Algorithm development for public transport under GDPR

GDPR (General Data Protection Regulation) protects the privacy of EU citizens by regulating how organizations collect, use and store personal data. It gives individuals rights, such as the ability to restrict how their data is used. Organizations are still allowed to collect personal data but they must clearly define the purpose of collection and ensure the data is handled securely.

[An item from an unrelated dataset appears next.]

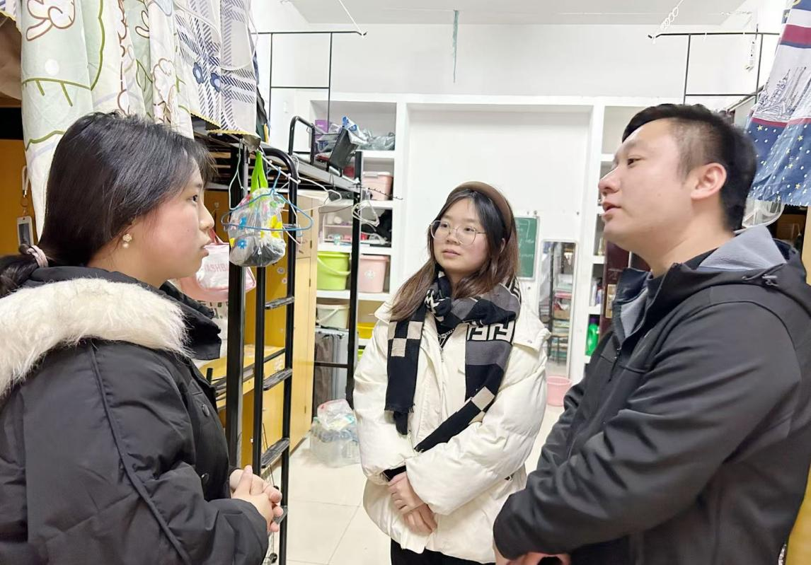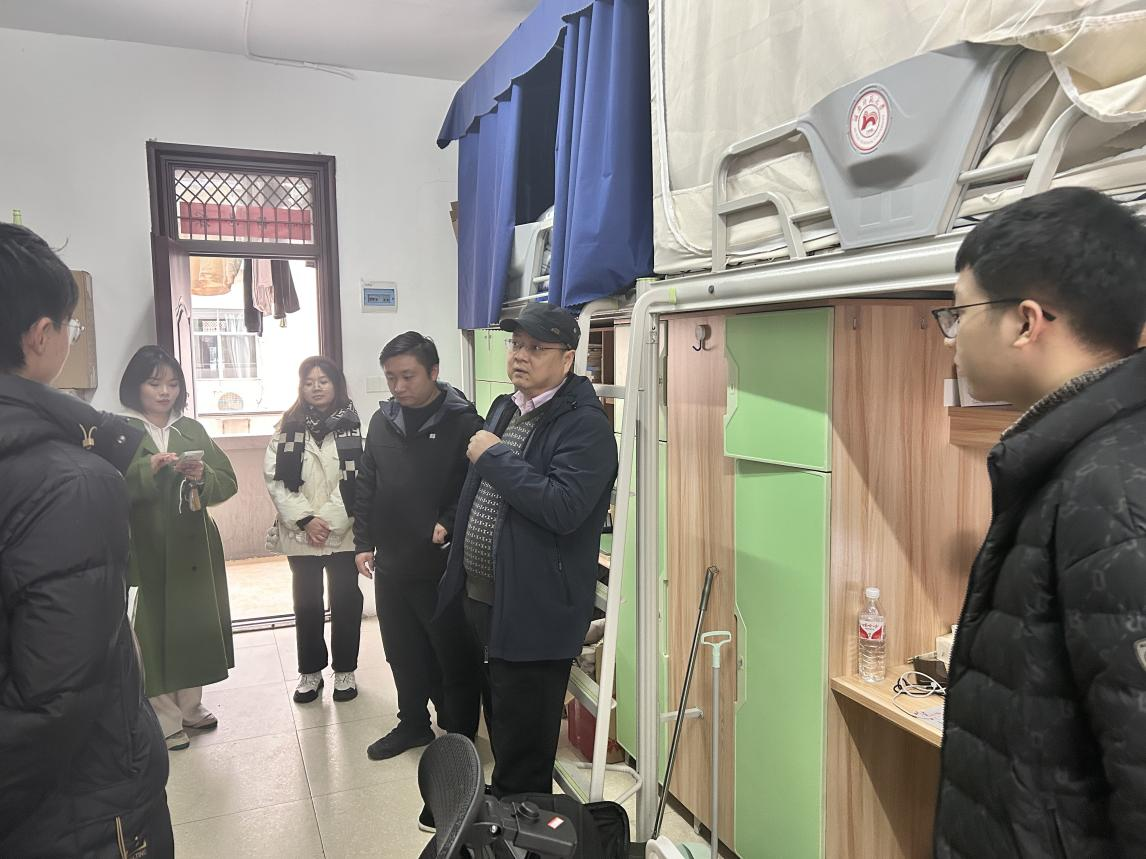 走访过程中,彭赛丰与同学们亲切交谈,详细询问了大家的假期生活、学习情况和返校后的适应情况,并耐心解答了同学们提出的问题。他叮嘱同学们要尽快调整状态,以饱满的热情投入到新学期的学习生活中去,同时也要注意个人防护,保持寝室卫生,共同营造安全、舒适的学习生活环境。

Measuring passenger behaviour onboard public transport vehicles inherently involves observing real people, including their movements, interactions and responses to different conditions. Video or audio recordings that capture these behaviours may include identifiable features such as face, body shape or voice, which make them personal data under GDPR.

To develop and validate algorithms that improve safety, crowd management and accessibility, OptiPEx must work with data that reflects authentic human behaviour. Because of this, video and audio recordings used in the project must be created and handled according to GDPR rules.

Video and audio recorded during normal public transport operation can only be used for specific legal reasons, such as preventing and detecting vandalism and aggressive behaviour, and investigating incidents. Algorithm development is not a legal reason for using this kind of data, unless everyone included in the recordings has given their permission to use their personal data for such reasons. Synthetic data can assist in algorithm development but cannot fully replace real-world variability. Therefore, controlled, consent-based recordings are necessary to ensure both technical reliability and full GDPR compliance.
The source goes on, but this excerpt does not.